On 19 January 2015, The Hits formed the tagline of the locally branded Bauer City 3 network of radio stations in Northern England and Scotland. The local City 3 branding was dropped on 31 August 2017, in favour of the tagline becoming the name of a national station on all local DAB Multiplexes.

===Launch===
Bauer, on the 4 June 2018, rebranded and relaunched Key 103 in Manchester to Hits Radio Manchester a CHR-led music station aimed at 25-44 year olds. Hits Radio Manchester continued to provide local news & information, traffic bulletins and advertising on its local platforms - 103 FM, DAB and online.

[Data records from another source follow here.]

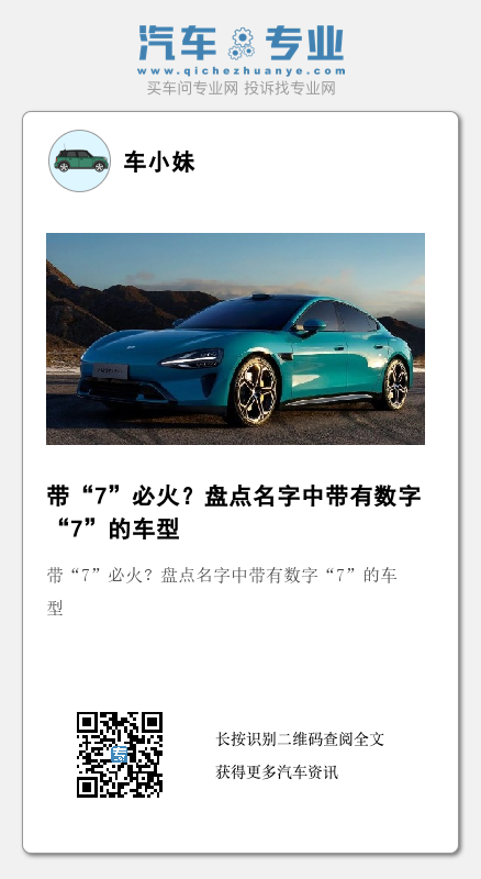 在汽车市场中,车型命名是一个重要的环节。一个好的名字不仅能够吸引消费者的注意,还能为品牌树立独特的形象。有趣的是,当下,有很多新能源车型的名字中都含有数字“7”。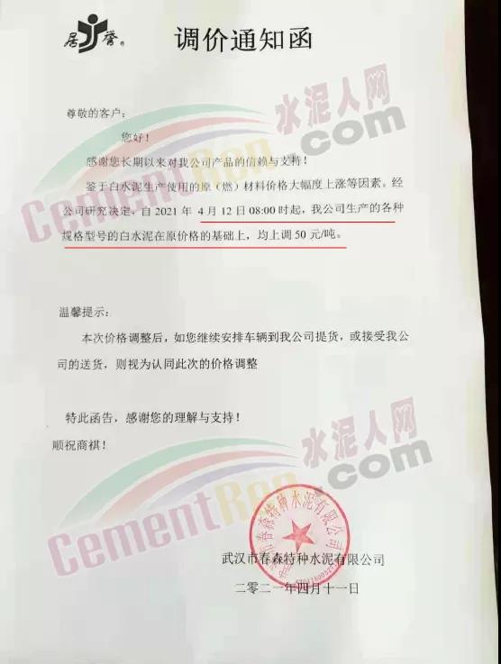 武漢市春森特種水泥有限公司通知,鑒于白水泥生產使用的原(燃)材料價格大幅度上漲等因素。經公司研究決定,自4月12日8時起,公司生產的各種規格型號的白水泥在原價格的基礎上,均上調50元/噸。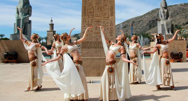 Mientras caminas por sus calles podrás ver como Cleopatra muestra su poder como Faraona de Egipto ó como el Faraón ofrece sus ofrendas a los Dioses.
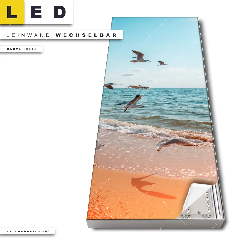 LED Leinwandbild Canvalight® TEX | Möwen am Strand | Schmal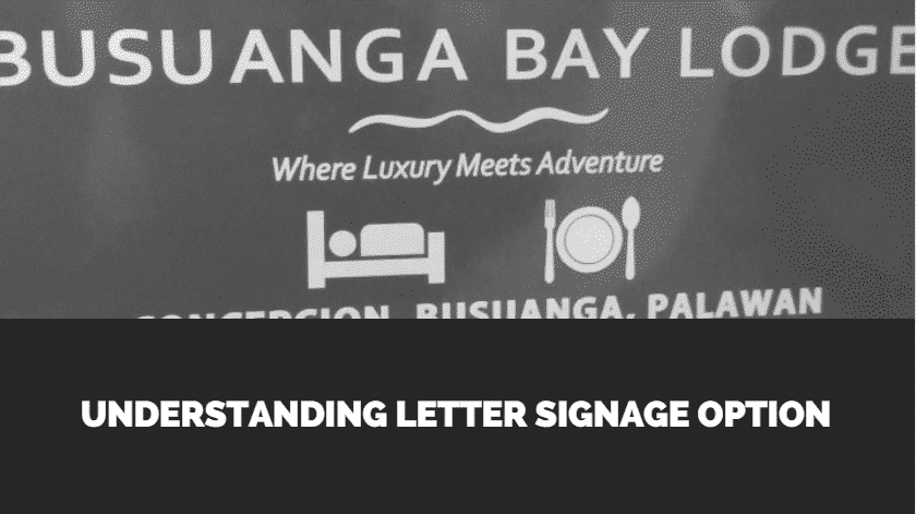 Letter signage for BUSUANGA BAY LODGE client in Makati, sleek metallic sign details by M&G Global Ads.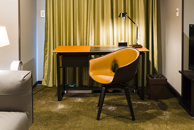 ジャン・マリー・マソーやロベルト・ラッツオーニが手掛ける洗練されたデザインはもとより、エグゼクティブを魅了し続ける世界的にも名高い「ペレ・フラウ」とよばれる比類のないしなやかさを持つ革や、イタリアのアルティジャーノ(職人)の技を駆使して生まれたインテリアの世界観を、「ロイヤルパークホテル ザ 汐留」ならではの高層階からの眺望とともに楽しめる一室をご用意いたしました。
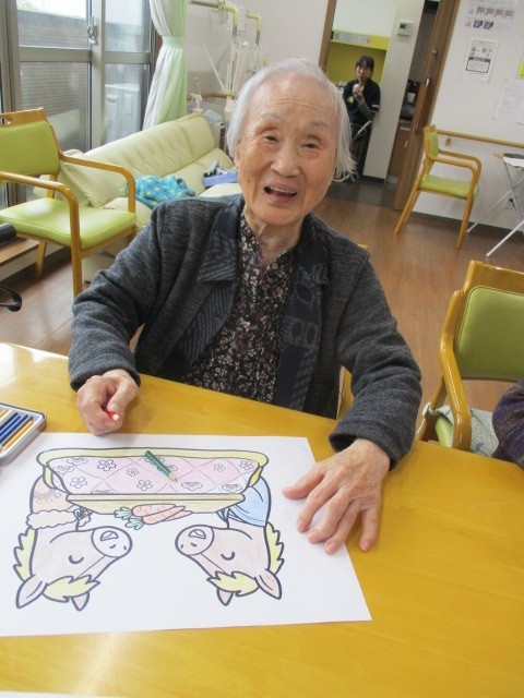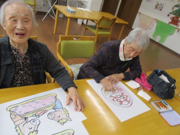 今日は2階でお正月用の塗り絵を行いました。 そのご様子をお知らせいたします!!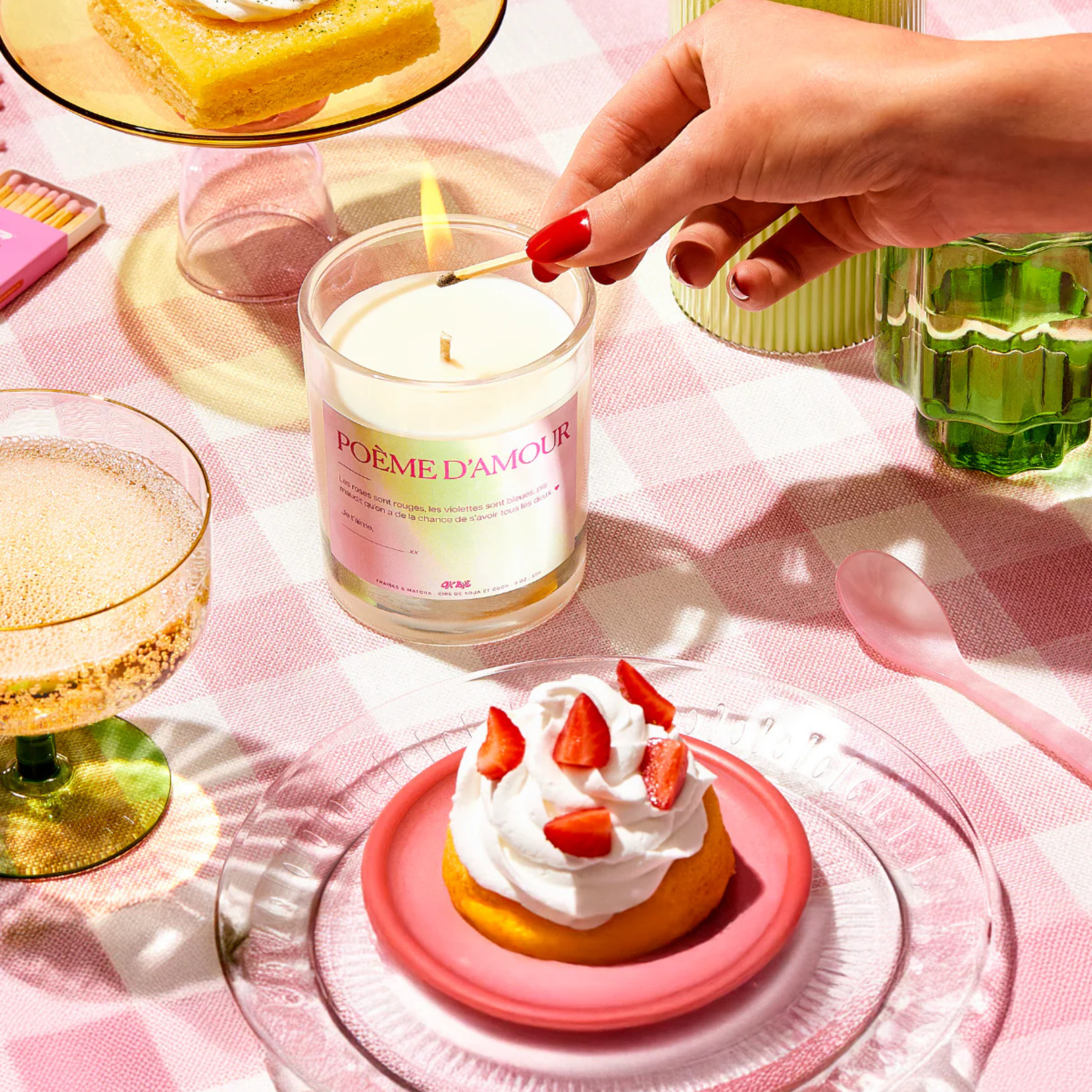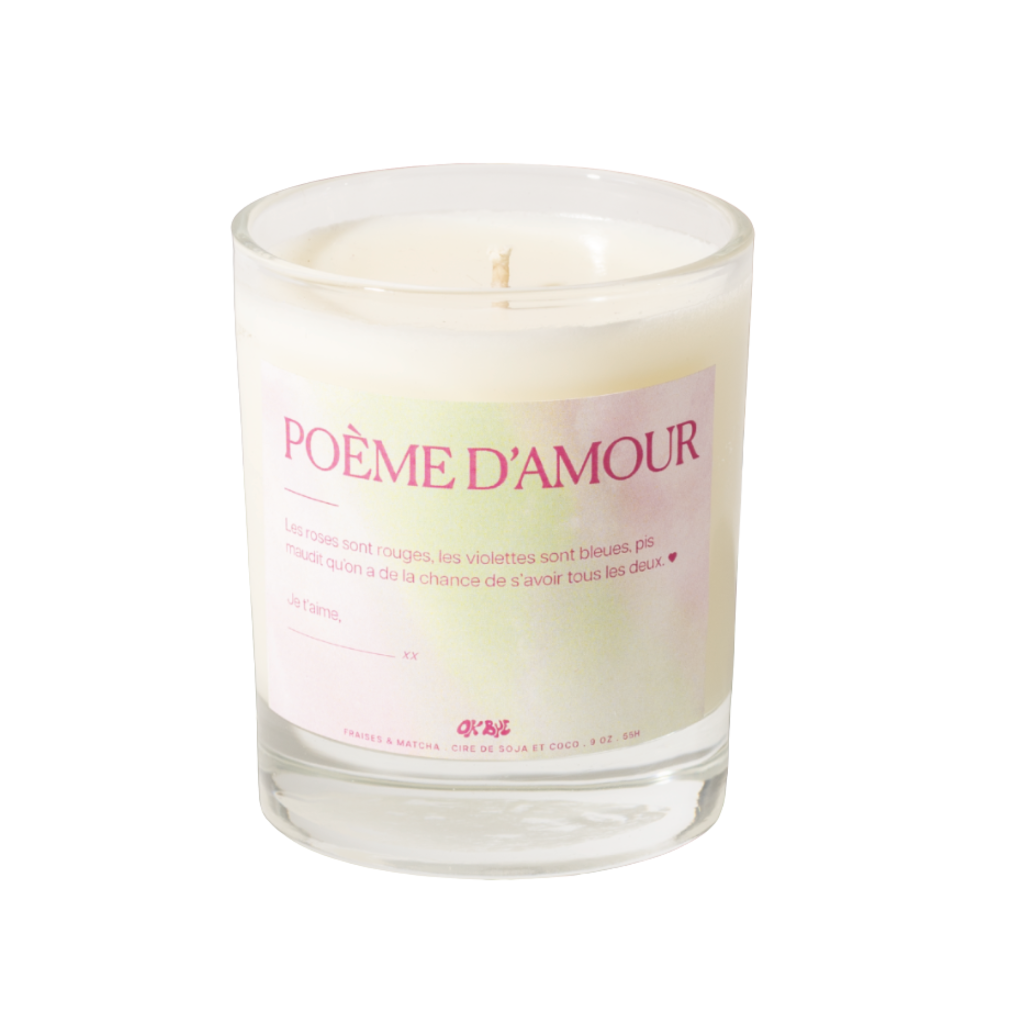 Un poème en pot, doux et sucré. Cette bougie marie la tendresse des fraises mûres à la fraîcheur apaisante du matcha, avec une touche crémeuse et vanillée en finale. Une harmonie olfactive qui dit "je t’aime" sans même ouvrir la bouche. À offrir (ou à s’offrir) à n’importe qui qui fait battre ton cœur — de ton crush à ton chat.

The station was merged with national DAB station The Hits, which in turn was rebranded itself as Hits Radio UK to provide a single national service across the UK on DAB, Freeview and online. The station's programming networked across 24 local FM stations - all of which opt out at times for local output. Local weekend programming for most of the English stations was replaced with additional network output in July 2019, followed in September 2019 by the introduction of a networked Drivetime show.

=== Expansion ===
Gem in the East Midlands joined the network in July 2019 to carry late night and overnight programming from Manchester.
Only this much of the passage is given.